WHAT IS NEEDED: Take the lines from the head of the listing through the one bearing "Чайник электрический Kitfort" and copy them exactly, leaving every picture out.

*** DATA SUPPLIED ***

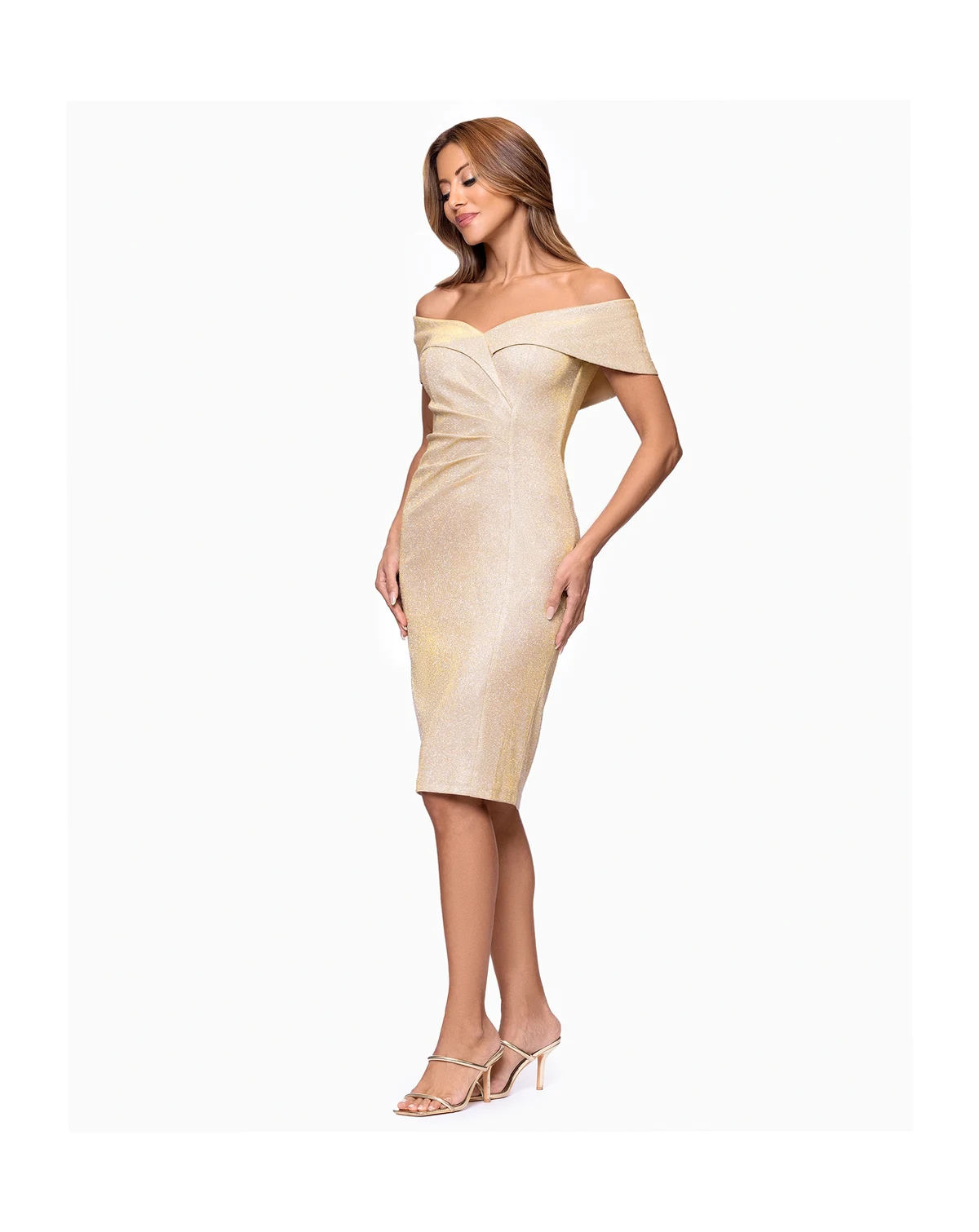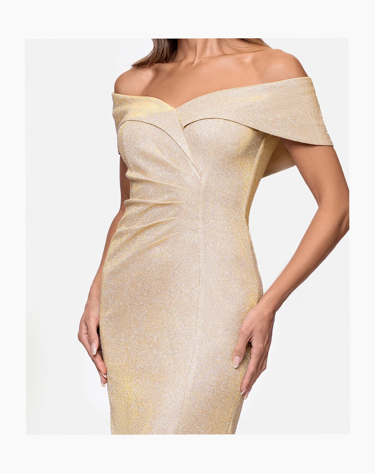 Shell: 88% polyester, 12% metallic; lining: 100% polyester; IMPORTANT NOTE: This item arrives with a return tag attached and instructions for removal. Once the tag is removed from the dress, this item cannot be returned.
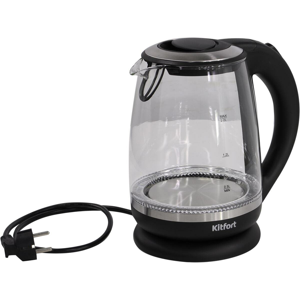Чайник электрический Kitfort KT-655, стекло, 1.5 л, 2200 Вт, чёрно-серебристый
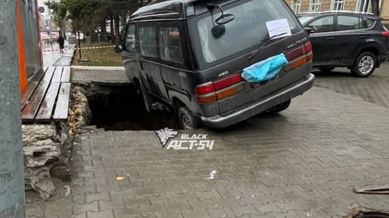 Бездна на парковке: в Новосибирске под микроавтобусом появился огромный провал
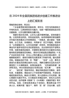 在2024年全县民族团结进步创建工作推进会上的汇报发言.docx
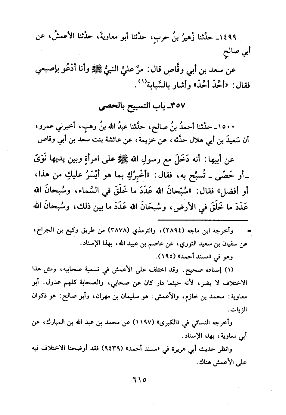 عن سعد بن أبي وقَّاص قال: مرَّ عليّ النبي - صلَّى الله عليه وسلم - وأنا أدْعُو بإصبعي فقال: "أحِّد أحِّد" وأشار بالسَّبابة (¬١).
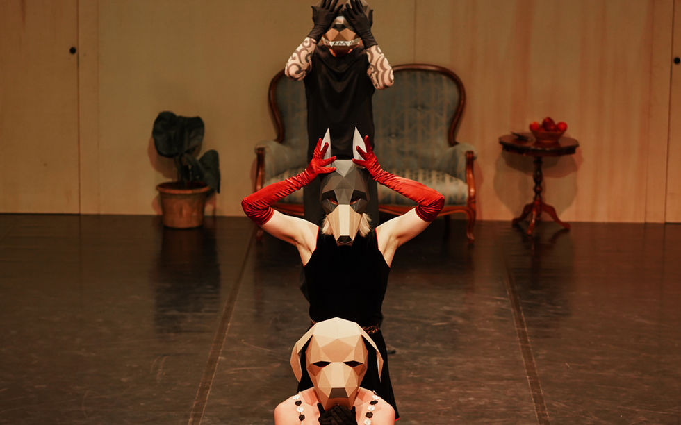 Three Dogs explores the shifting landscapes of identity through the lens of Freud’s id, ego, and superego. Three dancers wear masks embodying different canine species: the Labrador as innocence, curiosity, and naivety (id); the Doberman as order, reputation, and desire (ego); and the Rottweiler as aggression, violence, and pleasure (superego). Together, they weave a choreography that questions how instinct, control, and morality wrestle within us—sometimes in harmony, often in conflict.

*** End of DATA SUPPLIED ***

OUTPUT:
 Shell: 88% polyester, 12% metallic; lining: 100% polyester; IMPORTANT NOTE: This item arrives with a return tag attached and instructions for removal. Once the tag is removed from the dress, this item cannot be returned.
Чайник электрический Kitfort KT-655, стекло, 1.5 л, 2200 Вт, чёрно-серебристый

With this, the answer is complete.